A number of simplifications are necessary to facilitate hand analysis of MOS digital circuits because of the many nonlinear dc parameters and nonlinear capacitances in even a simple inverter.

Each MOS transistor has five separate voltage dependent capacitances coupling its four electrodes. Manual analysis of MOS transistor circuits in which each capacitor is considered individually is virtually impossible. However, approximate calculations of switching times becomes feasible if all capacitance effects are lumped into a single total capacitor  $C_T$  which is connected to the output node of each inverter or gate.

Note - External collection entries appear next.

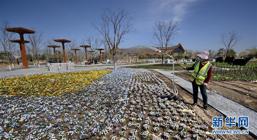 4月14日,園林工人在澆灌新種植的花卉。 近期,北京世園會(huì)園區(qū)景觀恢復(fù)工作全面啟動(dòng),將在4月28日前恢復(fù)近5萬(wàn)平米的世園標(biāo)志性花卉景觀,以及70余個(gè)室外展園。 新華社記者 李欣 攝
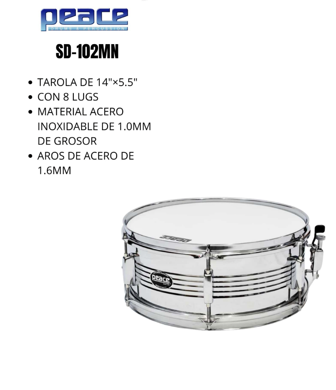 TAROLA CROMADA 14\" X 5,5\" 6 LUGS MARCA PEACE.
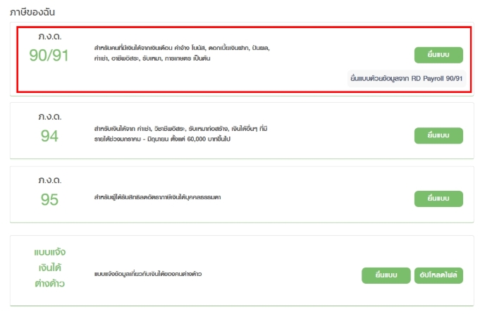 | เงินเดือนอย่างเดียว | 120,000 บาทขึ้นไป | 240,000 บาทขึ้นไป | ภ.ง.ด. 91 |
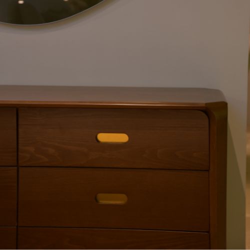 En face du lit se trouve une grande commode à six tiroirs. Les six sont équipés par des poignés. Cette commode offre un espace de rangement généreux pour vos vêtements et autres objets personnels. Sur le dessus de la commode, un miroir ajoute une dimension de style à la chambre tout en offrant un espace pour se préparer le matin ou se rafraîchir avant de se coucher.
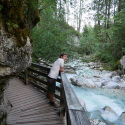 Es geht am Boka Wasserfall los das Tal hinunter, auf der längsten Hängebrücke über die Soča und dann wieder zurück. Der Fluss hat wiklich eine fantastische Farbe und im Panorama der julischen Alpen wirkt es umso schöner.

Voltage-dependent effects of junction capacitances are removed by defining equivalent linear capacitances  $C_{eq}$  which require the same change in charge as the nonlinear capacitors for a transition between two voltage levels  $V_1$  and  $V_2$ . With  $V_2 > V_1$ ,

$$C_{eq} = \frac{\Delta Q}{\Delta V} = \frac{Q(V_2) - Q(V_1)}{V_2 - V_1} \equiv K_{eq} C_{j0}$$
(5.3)

The depletion layer capacitance per unit area  $C_{j0}$  is calculated according to equation 5.1. Sidewall capacitances cannot be ignored for modern MOS processes. The

sidewall capacitance per unit area is calculated as shown above. The dimensionless parameter  $K_{eq}$  for an abrupt junction is,

$$K_{eq} = \frac{-2\phi_0^{1/2}}{V_2 - V_1} [(\phi_0 - V_2)^{1/2} - (\phi_0 - V_1)^{1/2}]$$
(5.4)

It is noted that the voltage applied to the junction is  $V_2 = -(V_{OL} - V_{BB})$  in the low state and  $V_1 = -(V_{OH} - V_{BB})$  in the high state. VBB is the (zero or negative) body bias voltage applied to the body with respect to the sources of inverter transistors. By convention, voltages applied to junctions are defined as positive for forward bias and negative for reverse bias.

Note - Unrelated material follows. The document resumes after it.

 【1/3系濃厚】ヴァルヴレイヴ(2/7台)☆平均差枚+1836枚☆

Figure 5.6 shows calculated values of  $K_{eq}$  as a function of supply voltage  $V_{DD}$  and body voltage  $V_{BB}$ , on the assumption that  $V_{OL} = 0$ ,  $V_{OH} = V_{DD}$  and  $\phi_0 = 1V$ . These data are used in calculating  $C_T$ . The result of the linearization of junction capacitances using  $K_{eq}$  is a minor distortion of the shape of transient voltage waveforms at circuit nodes.

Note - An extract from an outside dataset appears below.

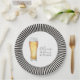 A fun casual vibe for celebrating a 50th birthday, this "Cheers and Beers" birthday party plate has a tall glass of frothy beer and whimsical text. A black and white starburst pattern around the edge of the plates adds a stylish look to the design. You can personalise with the age with any age. Plates are available in 2 sizes: 7-inch diameter and 9-inch diameter.
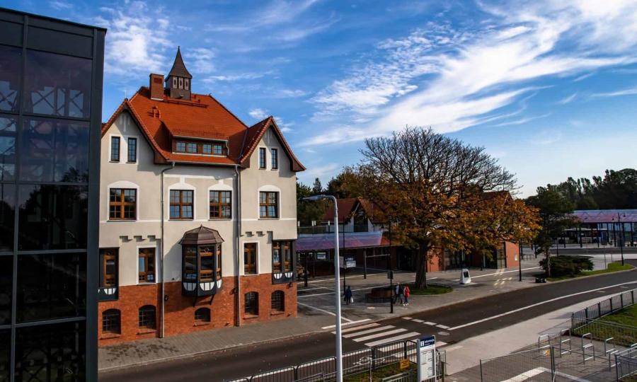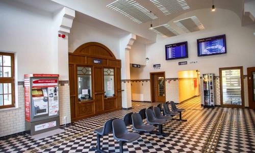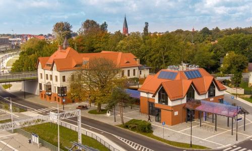 Został kompleksowo wyremontowany zabytkowy budynek dworca kolejowego, wpisany do wojewódzkiej ewidencji zabytków. Przywrócono mu historyczny charakter, na dach powróciła charakterystyczna wieżyczka, a przy wejściu zawisł zegar dworcowy. Przekryta wielospadowym dachem bryła usytuowana na nasypie (połączono w ten sposób poziom torów z poziomem wiaduktu), stanowiła wyjątkowo trudne wyzwanie dla modernizacji. W ramach modernizacji w budynku zlokalizowano oprócz poczekalni, przechowalni bagażu, kas, informacji turystycznej, toalet ogólnodostępnych, pomieszczeń biurowych i technicznych, również wypożyczalnię rowerów oraz pomieszczenia biurowe i lokal usługowy przeznaczone na potrzeby Centrum Wsparcia Mieszkańców Obszaru Rewitalizacji. Obiekt dworca kolejowego uzyskał certyfikat na zgodność z wymaganiami Rozporządzenia Komisji (UE) NR 1300/2014 z dn. 18.11.2014 r. w sprawie technicznych specyfikacji interoperacyjności odnoszących się do dostępności systemu kolei Unii dla osób niepełnosprawnych i osób o ograniczonej możliwości poruszania się (TSI PRM).

Figure 5.6: Equivalent Capacitance calculation

Figure 5.7 shows how the device capacitances in a circuit comprising two cascaded inverters can be lumped at the inverter output nodes. First, all capacitances

across which there is no voltage change are ignored, since they have no effect on circuit performance. The device capacitance which must be considered are shown in figure 5.7(a). In this figure, the capacitances CL represent the capacitances of interconnecting wiring connected to inverter outputs.

The capacitance CT1 is made up as follows,

$$C_{T1} = K_{eq}(C_{db1} + C_{sb2}) + C_{gd1} + C_{gd2} + C_{g3} + C_L$$
(5.5)

Transistors  $M_1$  and  $M_2$  are saturated or cut off during a large part of the switching cycle. Hence capacitances  $C_{gd}$  for these two devices are defined to include only the gate overlap capacitances to the drain of each. The total gate capacitance  $C_{g3}$  loads the output of the first inverter, so it is included without breaking it into separate components.

The major consequence of lumping all capacitance to ground is that the effects of capacitive coupling between input and output are ignored. This simplification is necessary for hand calculations.

Specific values of all capacitances are found from calculated values of capacitance per unit area and areas of nodes determined from the circuit layout at hand. In addition to the planar areas which are obvious in figure 5.5, sidewall areas where source and drain diffusions meet field doping (as seen in figure 5.4) are very significant in modern circuits. Sidewall capacitance per unit area is typically 3 to 5 times greater than capacitance along the bottom of the source-drain diffusion because the doping in the field regions is typically 10 to 25 times greater. Adequate accuracy is achieved by taking the sidewall area as the product of diffusion perimeter and junction depth, neglecting the curvature of the sidewall and the gradient in field doping. The capacitance for small areas of metal or polysilicon outside transistor regions, including the gate-body overlap capacitance CGBO, may be neglected.



Figure 5.7: (a) Cascoded NMOS Inverters(Capacitance to be Calculated is shown only)(b) Method of Lumping Capacitances to Inverter Output Nodes.

# 5.6 TRANSIENT ANALYSIS OF CMOS INVERTER

Transient analysis of CMOS inverters is carried out in very much the same way as for the NMOS inverters. A single lumped linear load capacitance at each output node is defined. Then the average currents available for charging and discharging are calculated.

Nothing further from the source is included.